(Stored dataset items)
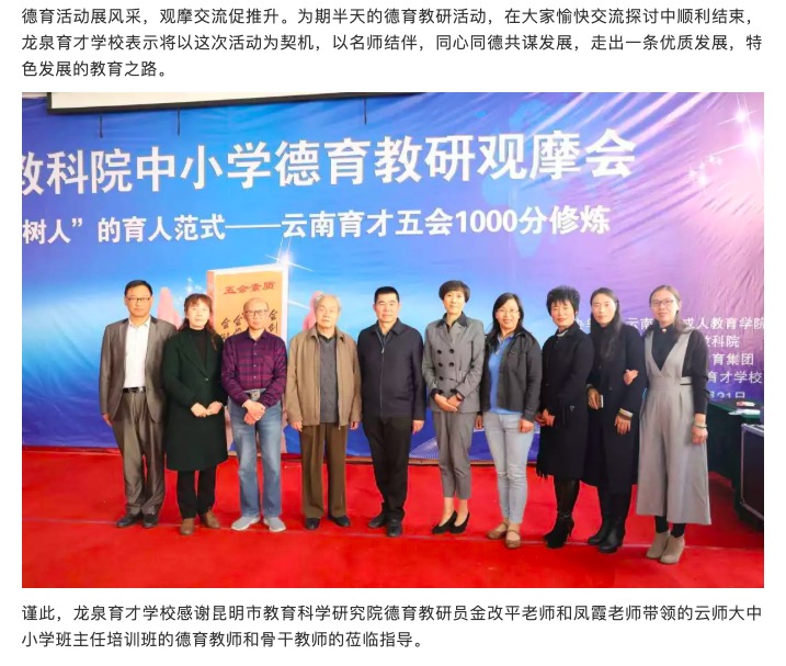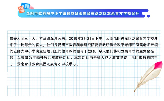 昆明市教科院中小學(xué)德育教研觀摩會在盤龍區(qū)龍泉育才學(xué)校召開
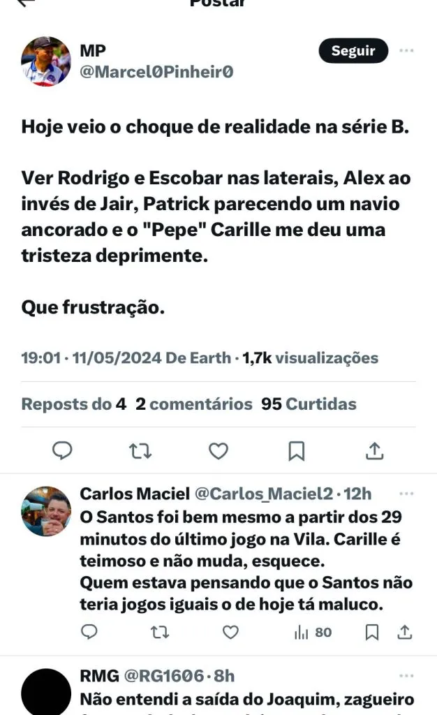 Apesar da defesa do treinador, o meio-campista foi alvo de críticas da torcida santista, que até então não aprovou a postura do jogador em campo: (SIC) “Hoje veio o choque de realidade na série B. Ver Rodrigo e Escobar nas laterais, Alex ao invés de Jair, Patrick parecendo um navio ancorado e o “Pepe” Carille me deu uma tristeza deprimente. Que frustração!”, disse um torcedor através das redes sociais.
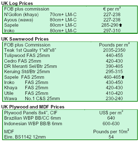 for African lumber are lower than in 2006. Specific deliveries of sapele have been delayed, demand for sipo
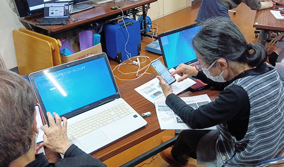 2025年11月19日、広島県呉市天応大浜アパート集会所、呉市天応地区住民5名、坂町住民2名、この日の研修テーマは「スマホの便利機能」、講師はBHN広島事務所の岡崎 幸子氏(主任講師)、杉原 瑞枝氏、沖野 啓子氏、寺岡 和子氏の4名が担当しました。
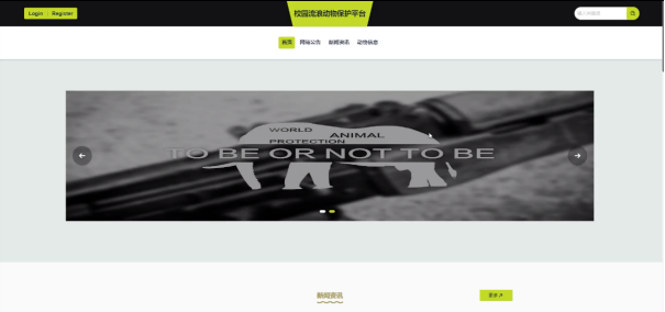 首页:首页是用户访问平台的首个界面,展示平台的核心功能和亮点,引导用户快速了解和使用平台,同时也展示一些需要关注的流浪动物信息。
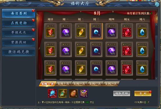 打开福利大厅就可以看签到领奖,签到次数越多,获得奖励越丰富,单月累计签到次数达到特定值后,还有特殊好礼相送。
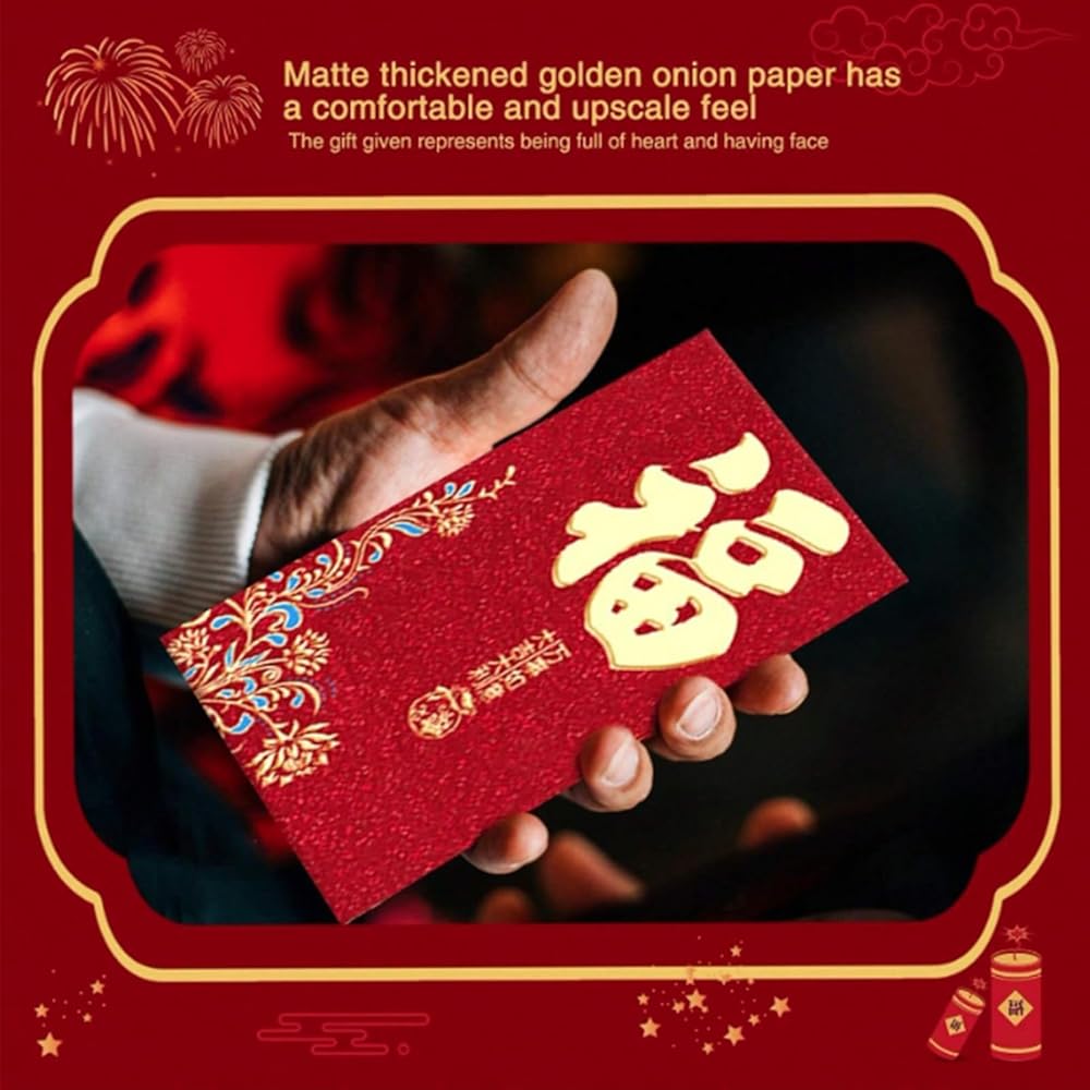 Multiple Meaningful Uses: The red envelopes are suitable for Chinese New Year, Spring Festival, birthdays, weddings, greeting cards, visiting relatives, invitations, and so on. or other special occasions.
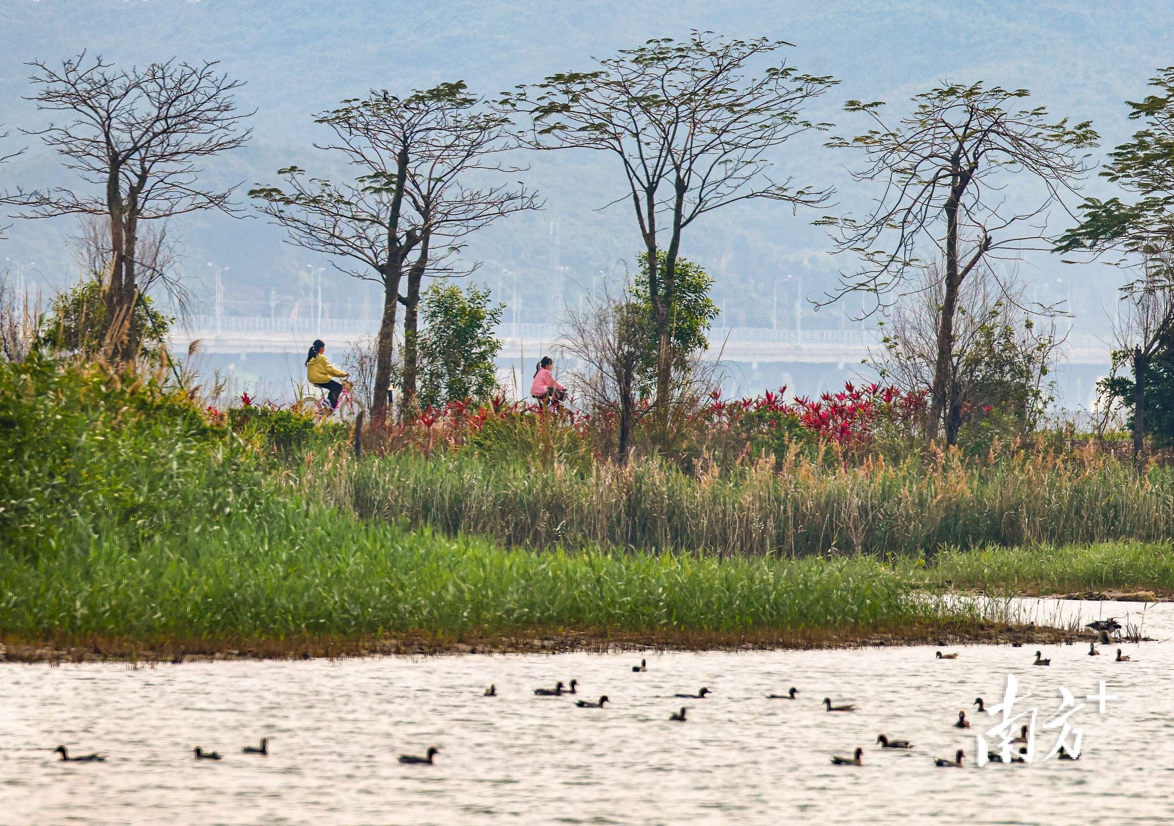 3月19日,珠海横琴二井湾湿地公园,游客骑车游玩。
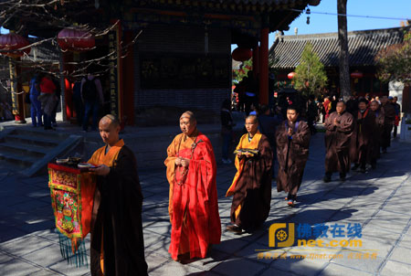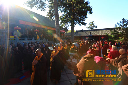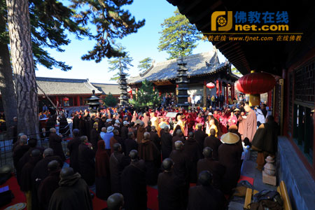 2013年10月9日,山西省五台山黛螺顶寺内高僧云集,香客满院,以“祈祷世界和平、国泰民安”为宗旨的千僧祈福吉祥法会正在隆重举行。来自全山青黄两庙的1300余名僧人和各地众信200余人参加。法会由五台山佛教协会会长、黛螺顶住持昌善法师主法。
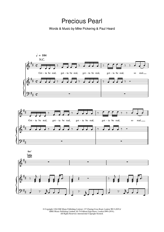 Digital Sheet Music for Precious Pearl by Paul Heard, M People, Mike Pickering scored for Piano/Vocal/Chords; id:382440
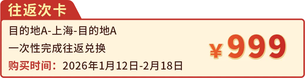邯郸机场联合东航【999元】上海往返新春团圆卡-申情版上线,春节可用,未兑可退
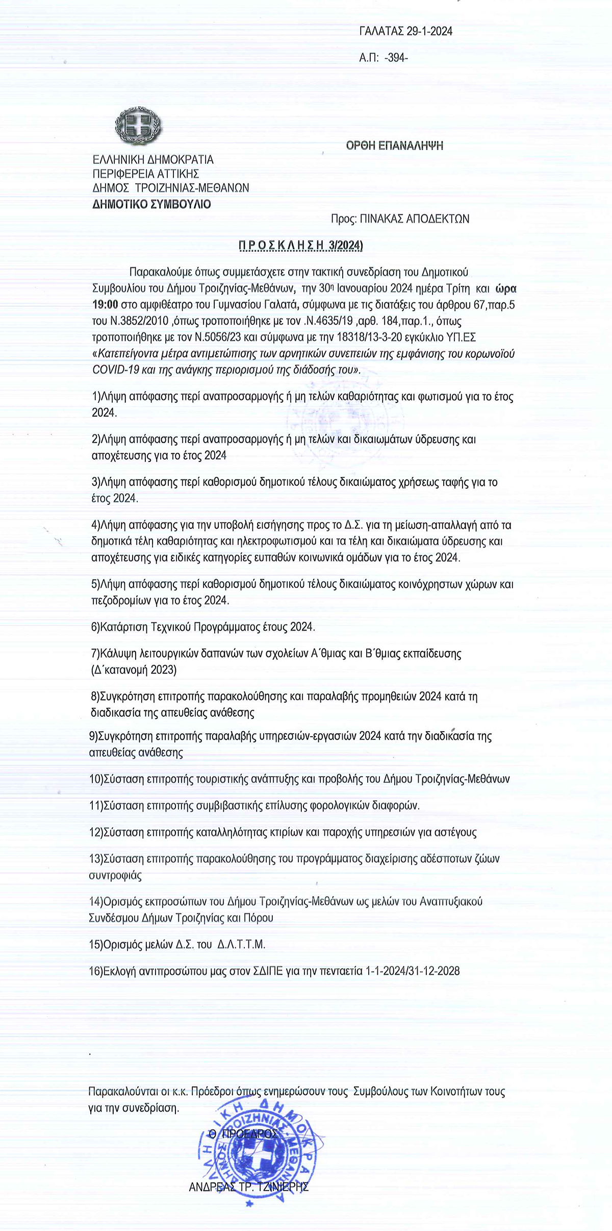 Παρακαλούμε όπως συμμετάσχετε στην τακτική συνεδρίαση του Δημοτικού Συμβουλίου του Δήμου Τροιζηνίας-Μεθάνων, την Τρίτη 30 Ιανουαρίου 2024 και ώρα 19.00
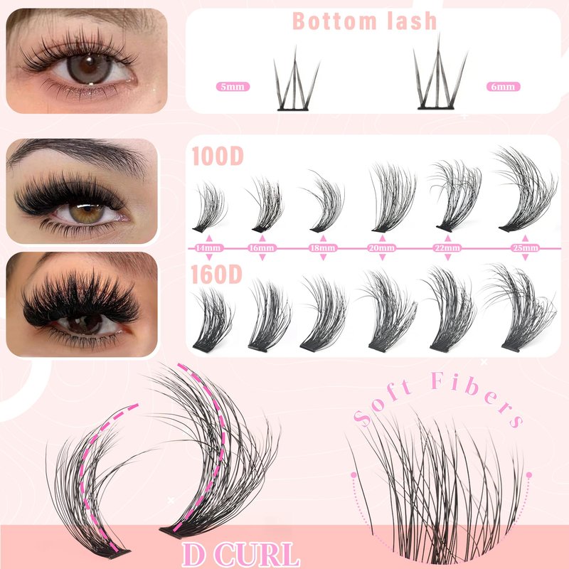 - 【Versatile Length Options D Curl Individual Lashes】14-25mm 6 different lengths for 100D and 160D fluffy lash clusters is suitable for girls with various eye types. You can tailor lash density and dramatic effect to any event.Whether you're seeking a subtle enhancement for everyday wear or a bold the clusters eyelash offer the flexibility to achieve it
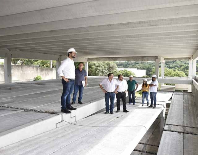 Cinco meses depois desde a última vistoria é evidente que a obra avançou muito, com toda a estrutura pronta e já iniciada a etapa de fechamento do prédio escolar.
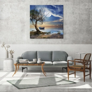 - Egy magányos hajó a parton, egy fa mellett, a holdfény hátterében. Egy békével és varázslattal teli táj, amely tökéletes a nyugalmat hozó enteriőrökbe.
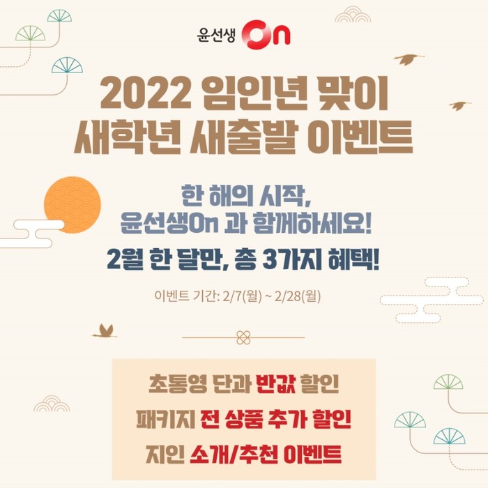 먼저, 윤선생On 신규 회원은 윤선생 초통영 단과 상품을 반값으로 만날 수 있다. 윤선생 초통영 파닉스, 말하기 1개월 상품 중 한 가지를 선택하면 정상가에서 50% 할인된 가격에 구입 가능하다. 이 이벤트는 구매 이력이 없는 신규 가입 고객에 한해 1회 참여할 수 있다.
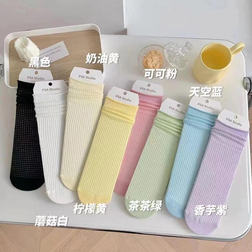 어린이 아이스 양말 솔리드 컬러 인 메쉬 통기성 스타킹 중간 튜브 여름 스태킹 스타킹 여름 얇은 롱 스타킹
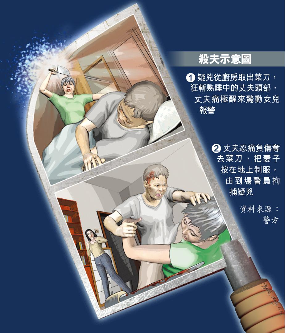 【本報訊】葵涌麗瑤邨發生殺夫兇案,患精神病多年老婦昨凌晨趁丈夫熟睡,從廚房取出一把菜刀,朝丈夫頭部狂斬六刀,丈夫劇痛驚醒呼救,驚動睡在客廳的女兒報警。男事主負傷制服妻子後由警員送院搶救,但傷重死亡,妻子則涉嫌謀殺被捕送院。警方指疑兇患精神病多年,有指她懷疑丈夫有婚外情,警方正循其精神狀況、夫婦感情及經濟狀況等多方面調查。
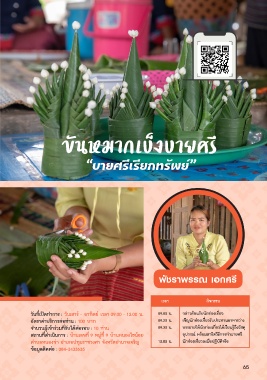 สถานที่ด�าเนินการ : บ้านเลขที่ 9 หมู่ที่ 9 บ้านหนองไฮน้อย อุปกรณ์ พร้อมสาธิตวิธีการท�าบายศรี
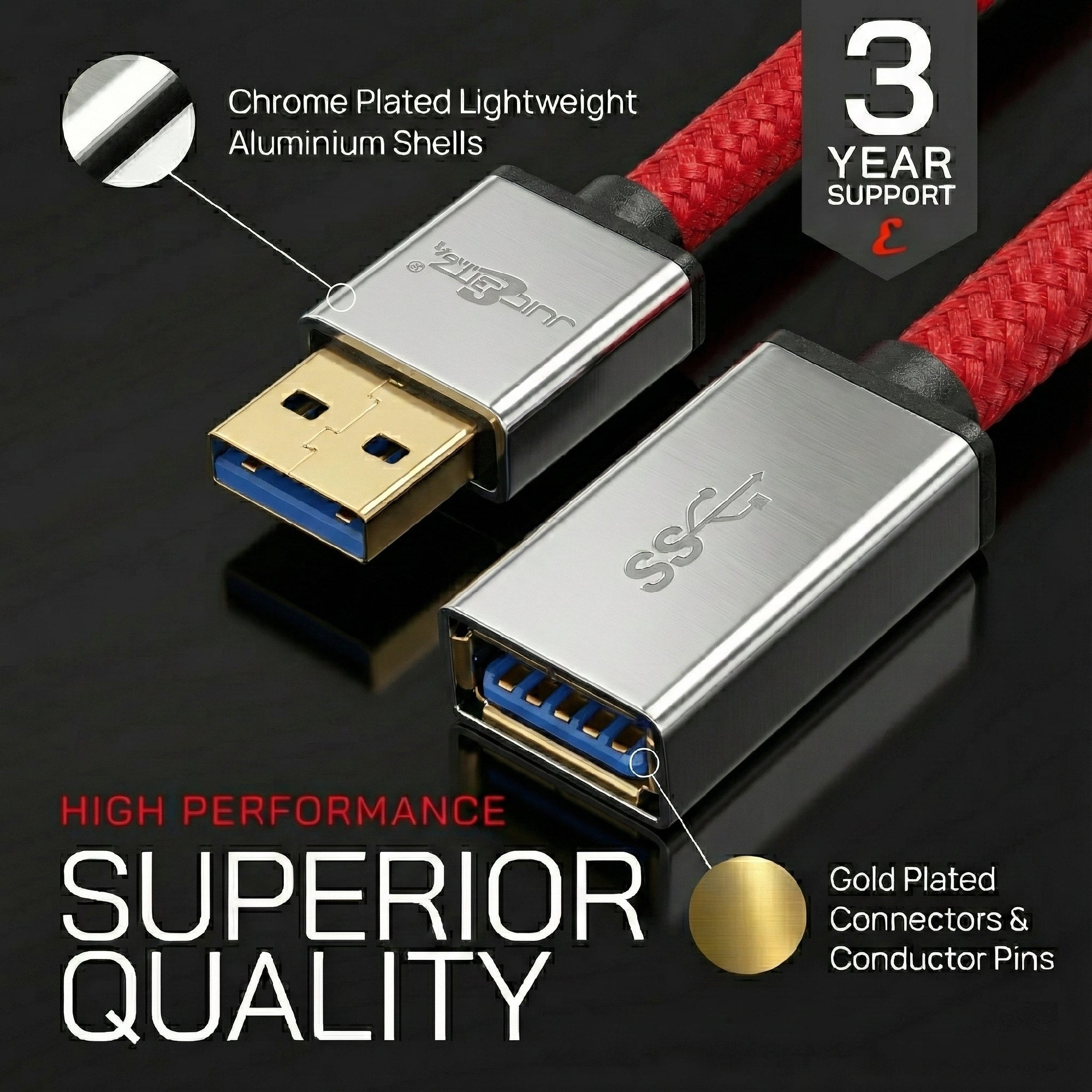 Braided Heavy Duty USB Charger Cable Data Sync Wire Lead for iPhone, iPad, iPod - Red

| Work task |
Should a record include a picture, omit it from your copy and return the rest unchanged.

| Result for this task |
 昆明市教科院中小學(xué)德育教研觀摩會在盤龍區(qū)龍泉育才學(xué)校召開
 Apesar da defesa do treinador, o meio-campista foi alvo de críticas da torcida santista, que até então não aprovou a postura do jogador em campo: (SIC) “Hoje veio o choque de realidade na série B. Ver Rodrigo e Escobar nas laterais, Alex ao invés de Jair, Patrick parecendo um navio ancorado e o “Pepe” Carille me deu uma tristeza deprimente. Que frustração!”, disse um torcedor através das redes sociais.
 for African lumber are lower than in 2006. Specific deliveries of sapele have been delayed, demand for sipo
 2025年11月19日、広島県呉市天応大浜アパート集会所、呉市天応地区住民5名、坂町住民2名、この日の研修テーマは「スマホの便利機能」、講師はBHN広島事務所の岡崎 幸子氏(主任講師)、杉原 瑞枝氏、沖野 啓子氏、寺岡 和子氏の4名が担当しました。
 首页:首页是用户访问平台的首个界面,展示平台的核心功能和亮点,引导用户快速了解和使用平台,同时也展示一些需要关注的流浪动物信息。
 打开福利大厅就可以看签到领奖,签到次数越多,获得奖励越丰富,单月累计签到次数达到特定值后,还有特殊好礼相送。
 Multiple Meaningful Uses: The red envelopes are suitable for Chinese New Year, Spring Festival, birthdays, weddings, greeting cards, visiting relatives, invitations, and so on. or other special occasions.
 3月19日,珠海横琴二井湾湿地公园,游客骑车游玩。
 2013年10月9日,山西省五台山黛螺顶寺内高僧云集,香客满院,以“祈祷世界和平、国泰民安”为宗旨的千僧祈福吉祥法会正在隆重举行。来自全山青黄两庙的1300余名僧人和各地众信200余人参加。法会由五台山佛教协会会长、黛螺顶住持昌善法师主法。
 Digital Sheet Music for Precious Pearl by Paul Heard, M People, Mike Pickering scored for Piano/Vocal/Chords; id:382440
邯郸机场联合东航【999元】上海往返新春团圆卡-申情版上线,春节可用,未兑可退
 Παρακαλούμε όπως συμμετάσχετε στην τακτική συνεδρίαση του Δημοτικού Συμβουλίου του Δήμου Τροιζηνίας-Μεθάνων, την Τρίτη 30 Ιανουαρίου 2024 και ώρα 19.00
 - 【Versatile Length Options D Curl Individual Lashes】14-25mm 6 different lengths for 100D and 160D fluffy lash clusters is suitable for girls with various eye types. You can tailor lash density and dramatic effect to any event.Whether you're seeking a subtle enhancement for everyday wear or a bold the clusters eyelash offer the flexibility to achieve it
 Cinco meses depois desde a última vistoria é evidente que a obra avançou muito, com toda a estrutura pronta e já iniciada a etapa de fechamento do prédio escolar.
 - Egy magányos hajó a parton, egy fa mellett, a holdfény hátterében. Egy békével és varázslattal teli táj, amely tökéletes a nyugalmat hozó enteriőrökbe.
 먼저, 윤선생On 신규 회원은 윤선생 초통영 단과 상품을 반값으로 만날 수 있다. 윤선생 초통영 파닉스, 말하기 1개월 상품 중 한 가지를 선택하면 정상가에서 50% 할인된 가격에 구입 가능하다. 이 이벤트는 구매 이력이 없는 신규 가입 고객에 한해 1회 참여할 수 있다.
 어린이 아이스 양말 솔리드 컬러 인 메쉬 통기성 스타킹 중간 튜브 여름 스태킹 스타킹 여름 얇은 롱 스타킹
 【本報訊】葵涌麗瑤邨發生殺夫兇案,患精神病多年老婦昨凌晨趁丈夫熟睡,從廚房取出一把菜刀,朝丈夫頭部狂斬六刀,丈夫劇痛驚醒呼救,驚動睡在客廳的女兒報警。男事主負傷制服妻子後由警員送院搶救,但傷重死亡,妻子則涉嫌謀殺被捕送院。警方指疑兇患精神病多年,有指她懷疑丈夫有婚外情,警方正循其精神狀況、夫婦感情及經濟狀況等多方面調查。
 สถานที่ด�าเนินการ : บ้านเลขที่ 9 หมู่ที่ 9 บ้านหนองไฮน้อย อุปกรณ์ พร้อมสาธิตวิธีการท�าบายศรี
 Braided Heavy Duty USB Charger Cable Data Sync Wire Lead for iPhone, iPad, iPod - Red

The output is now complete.